5. REPRESENTATIONS AND WARRANTIES OF PURCHASER. Purchaser
represents, warrants and agrees that:
(a) Execution and Effect of Agreement. Purchaser has the full right,
---------------------------------
power and authority to enter into and perform this Agreement. This Agreement
has been duly executed and delivered by Purchaser and is a legal, valid and
binding obligation of Purchaser enforceable in accordance with its terms.

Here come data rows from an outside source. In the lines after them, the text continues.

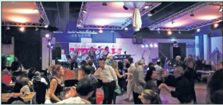
Voetjes van de vloer tijdens een gezellige Indische avond in De Bilt.

Afgelopen zaterdagavond had de Indische gemeenschap uit alle hoeken van het land zich verzameld voor een Jakarta-party, waar niet alleen heerlijk kon worden gedanst, maar even zo lekker kon worden gegeten, alles in Indische sferen, uiteraard. De voornamelijk Indische gasten lieten geen mogelijkheid aan zich voorbijgaan om zich uit te leven in typische volksdansen als de Jospa, een traditionele vorm van Indonesische linedance, alles begeleid door de opgewekte klanken van een dangdut-orkest, een band die traditionele Indische liedjes afwisselde met Spaanse en zelfs countryklanken. Een vrolijke en geanimeerde avond, die 24 september a.s. wordt voortgezet met een dansmatinee, dat om 12.30 uur begint, weer in het H. F. Wittecentrum. (Peter Schlamlich)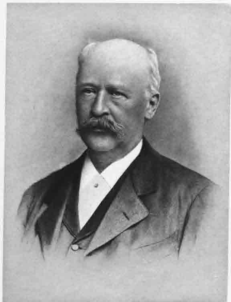
Heliogravüre v. J. B. Obernetter, München.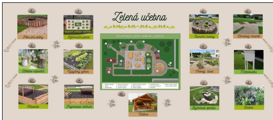
informační tabule zelené učebny

Součástí areálu školy je školní dvůr, malé školní hřiště s asfaltovým povrchem, víceúčelové hřiště při ZŠ Tyršova 1053 a školní zahrada se zahradním domkem. Od podzimu 2021 mohou žáci využívat ke vzdělávací činnosti nově zbudovanou přírodní učebnu s ekologickými koutky, která vznikla v místě dříve nevyužitého školního sadu a byla částečně financována z dotace Státního fondu životního prostředí. Přírodní zahrada slouží ke vzdělávací činnosti žáků nejen přírodovědných předmětů, ale v odpoledních hodinách také pro činnost kroužků a školní družiny.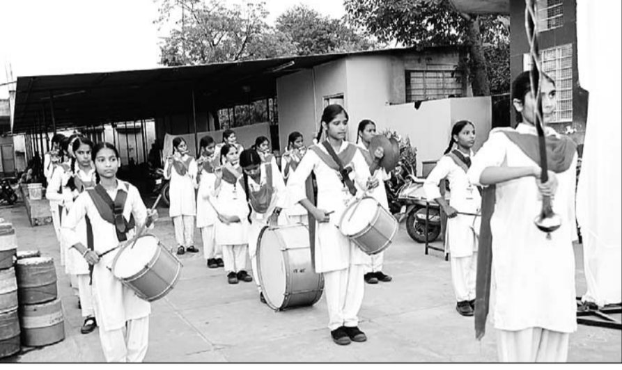
अखिल भारतीय विद्या भारती शिक्षा संस्थान के तत्वावधान में बुधवार को जयपुर में जवाहर नगर के सरस्वती बालिका विद्या मन्दिर में विज्ञान मेले का शुभारम्भ हुआ। इस अवसर पर बालिकाओं ने रंगारंग प्रस्तुति दी।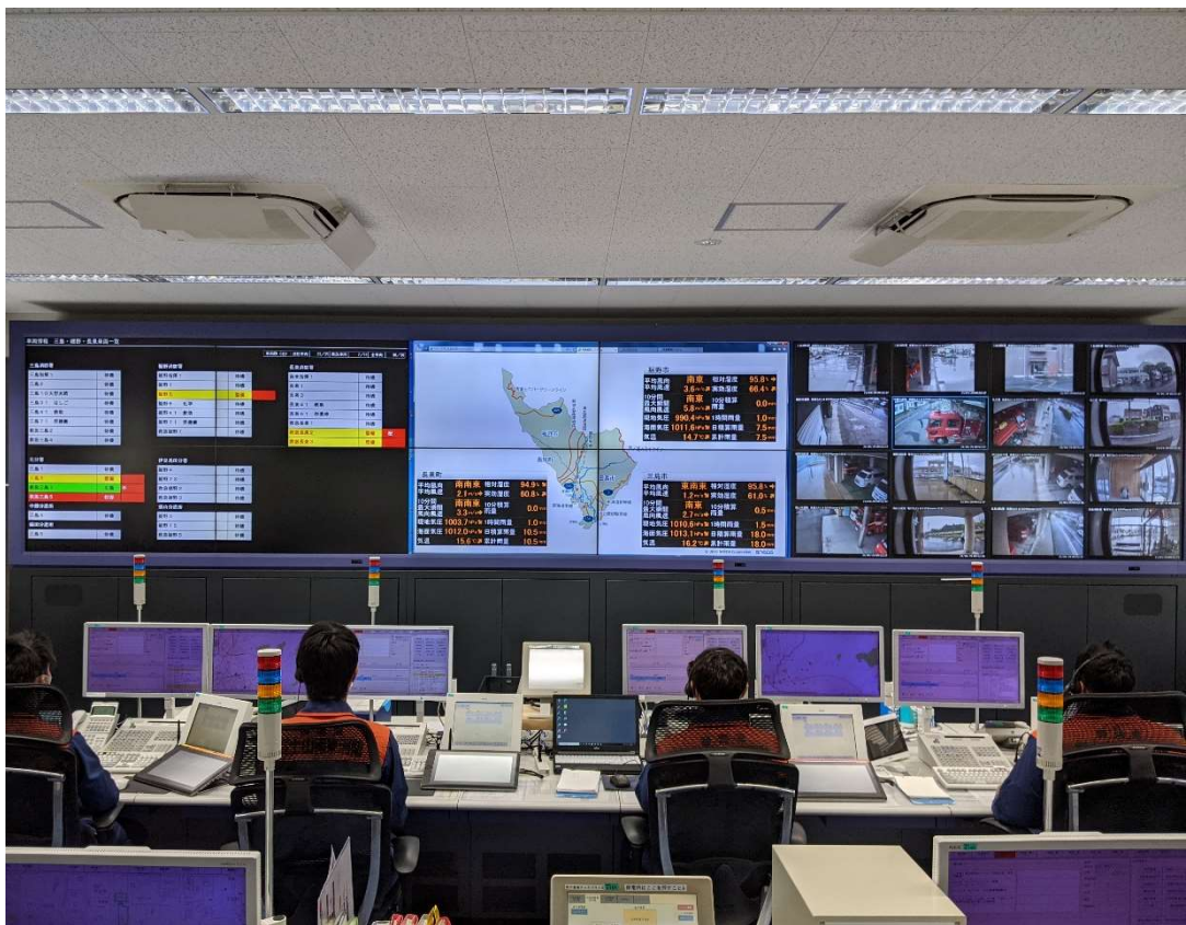
(消防指令センター)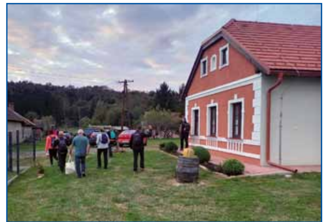
Gda smo slobaud vzeli, se je že kmica delala.

Na edenajsto vöro smo meli pogučano srečanje, mi pa kak švicarska vöra smo točni bili, ka je pri nas pri Andovčanaj fejst rejdko. Po dugoj pauti smo se fejst tazmantrali, tak ka zaslüžili smo si palinko, li-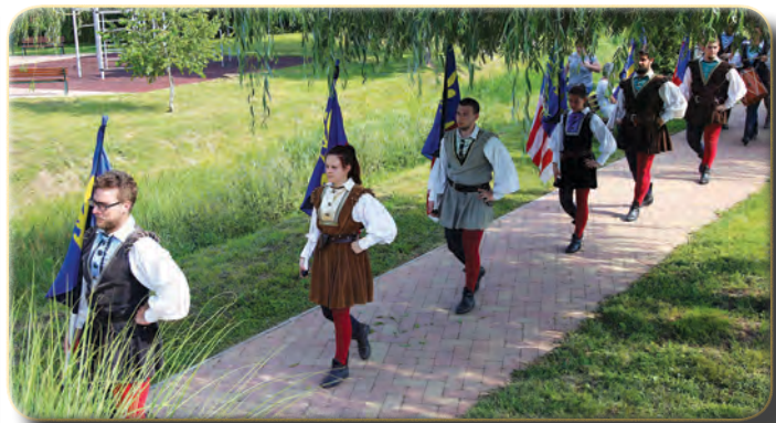
Vonulás az Ifjúsági tó partján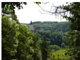
- Křivoklát a okolí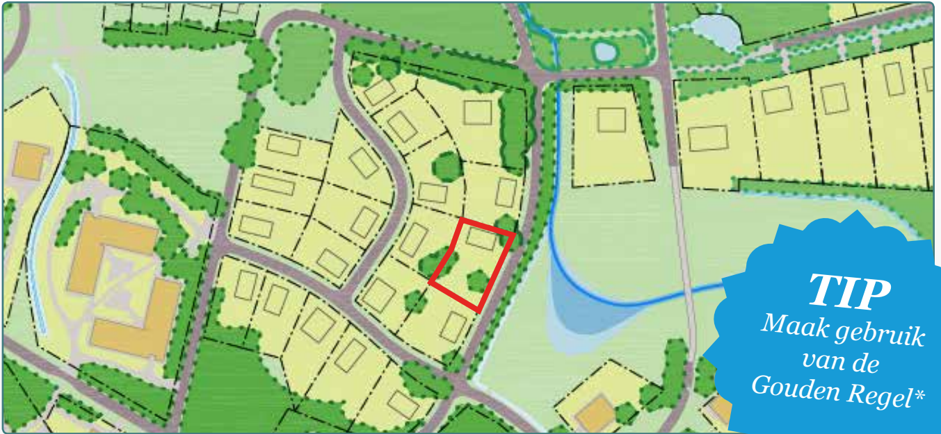
Situatietekening kavel 61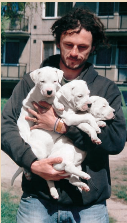
7-týždňové šteniatka argentínskej dogy.

nými psami, ktorú bolo potrebné do istej miery potlačiť, aby sa na poľovačkách mohla používať celá svorka. Tieto skupinové lovy sa skladajú zo štvania, ulovenia a zadržania, usmrtenia diviny. Nazývajú sa monteria a pozostávajú zo 4 až 5 psov.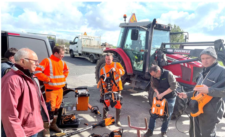
Essai de matériel par les services techniques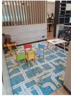
ibis Styles Magdeburg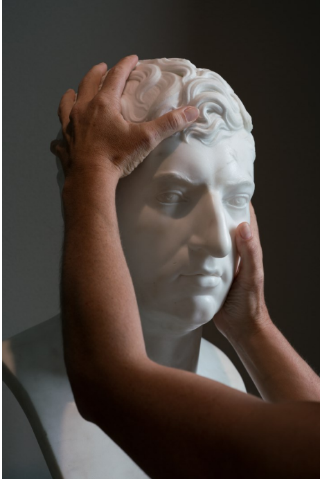
Anonyme, Portrait de François-Xavier Fabre , vers 1830, moulage en résine chargée de poudre de marbre, sans socle : H. 62 cm ; l. 27 cm ; P. 27,5 cm

L'espace introductif, « voir autrement », est conçu comme un espace d'éveil sensoriel, où le public est mis en condition de découverte tactile. Plusieurs dispositifs lui apprennent à toucher comme on apprend à regarder.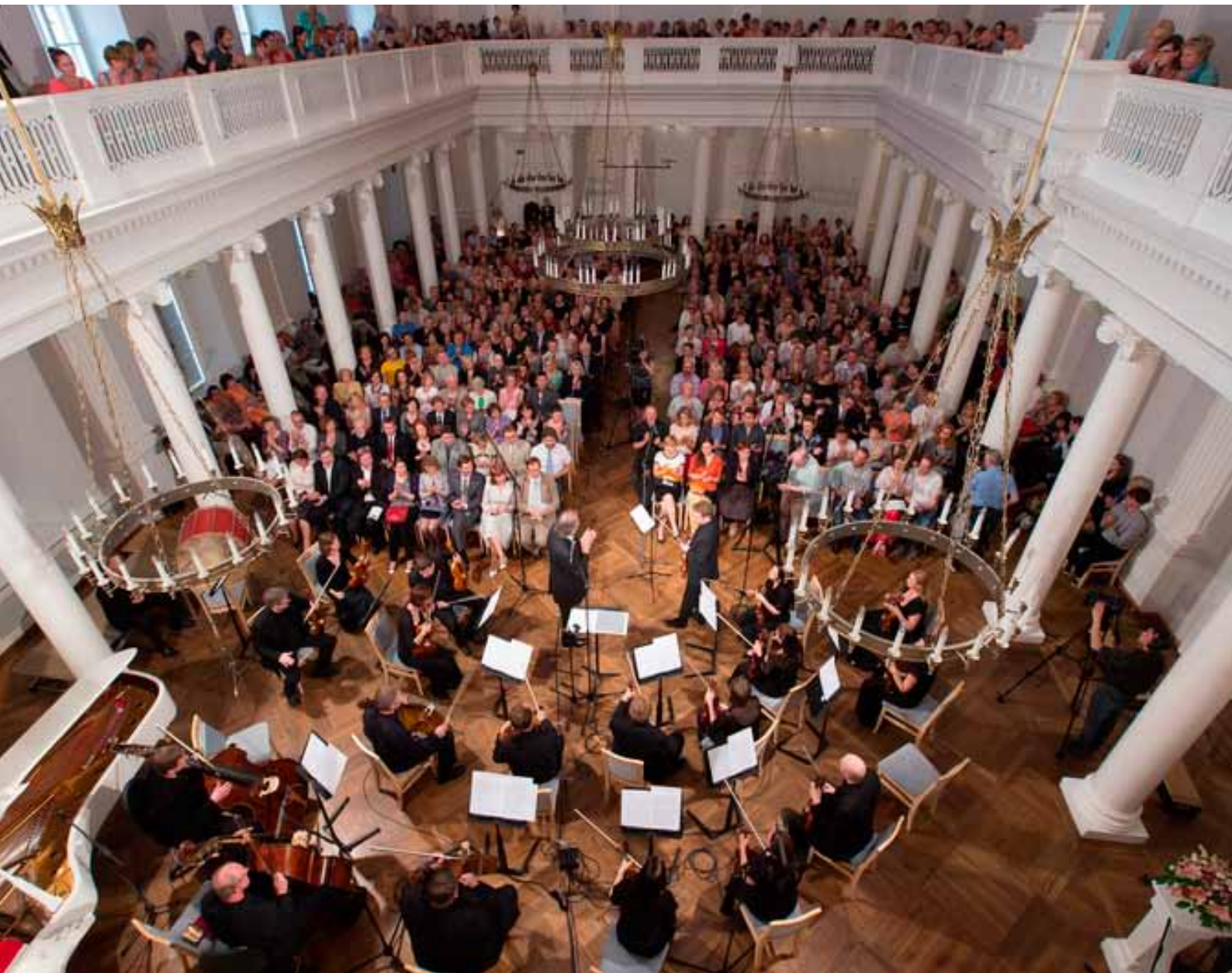
Arvo Pärdi loomingu kontsert Tartu Ülikooli aulas. Vaade aulale. 21. mai 2014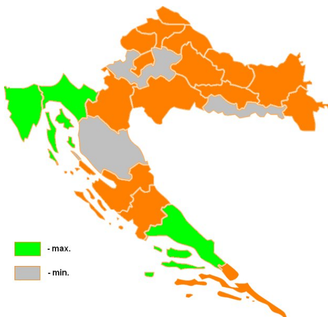
Karta 1: Županije s najviše i najmanje bratimljenja

Od lokalnih jedinica gradovi, u odnosu na općine, imaju znatno više pojedinačnih bratimljenja. Niz predvodi Zagreb sa 11 europskih bratimljenja, za njim slijede Vinkovci (9), Varaždin (8), te Split, Šibenik, Osijek i Pula (6). Pritom, važno je napomenuti da spomenuti gradovi, kao i većina onih koji su do sada ostvarili bratimljenje, imaju bratimljenja koja uključuju i gradove izvan Europske unije, a što nije bilo predmetom ovoga istraživanja. Od općina, prvo mjesto s najviše europskih bratimljenja zauzima općina Cestica (Varaždinska županija) – 7 bratimljenja koje je uspostavila sa slovenskim općinama.

(b) Access to Seller by Purchaser. Purchaser and their
-----------------------------
representatives and advisers have had free and full access during normal
business hours to the Seller's assets, premises, books and records, key
employees and accountants, and have had the opportunity to ask questions and
receive answers about the past performance and current and future prospects of
the Seller's business and assets.
(c) Purchase for Investment. The Purchaser understands and represents
-----------------------
that: (i) the Purchaser must bear the economic risk of an investment in the
Shares for an indefinite period of time because the Shares have not been
registered under the Securities Act of 1933, as amended (the "1933 Act"), or
under any state securities laws and, therefore, cannot be resold unless they are
subsequently registered under the 1933 Act and the pertinent state securities
laws or unless an exemption from such registration is available; (ii) the
Purchaser is purchasing the Shares for investment for the account of the
Purchaser, not for the account of any other person, and not with any present
view toward resale or other "distribution" thereof within the meaning of the
1933 Act; and (iii) the Purchaser agrees not to resell or otherwise dispose of
all or any part of the Shares, except as permitted by law, including, without
limitation, any and all applicable provisions of this Agreement and any
regulations under the 1933 Act.
(d) Risks of Investment. The Purchaser is aware that an investment in
-------------------
the Shares is highly speculative and subject to substantial risks. The
Purchaser is capable of bearing the high degree of economic risk and burdens of
this investment, including the possibility of a complete loss of his investment
and the lack of a public market and limited transferability of the Shares, which
may make the liquidation of this investment impossible for an indefinite period
of time. The financial condition of the Purchaser is such that it is under no
present or contemplated future need to dispose of any of the Shares to satisfy
any existing or contemplated undertaking, need or indebtedness.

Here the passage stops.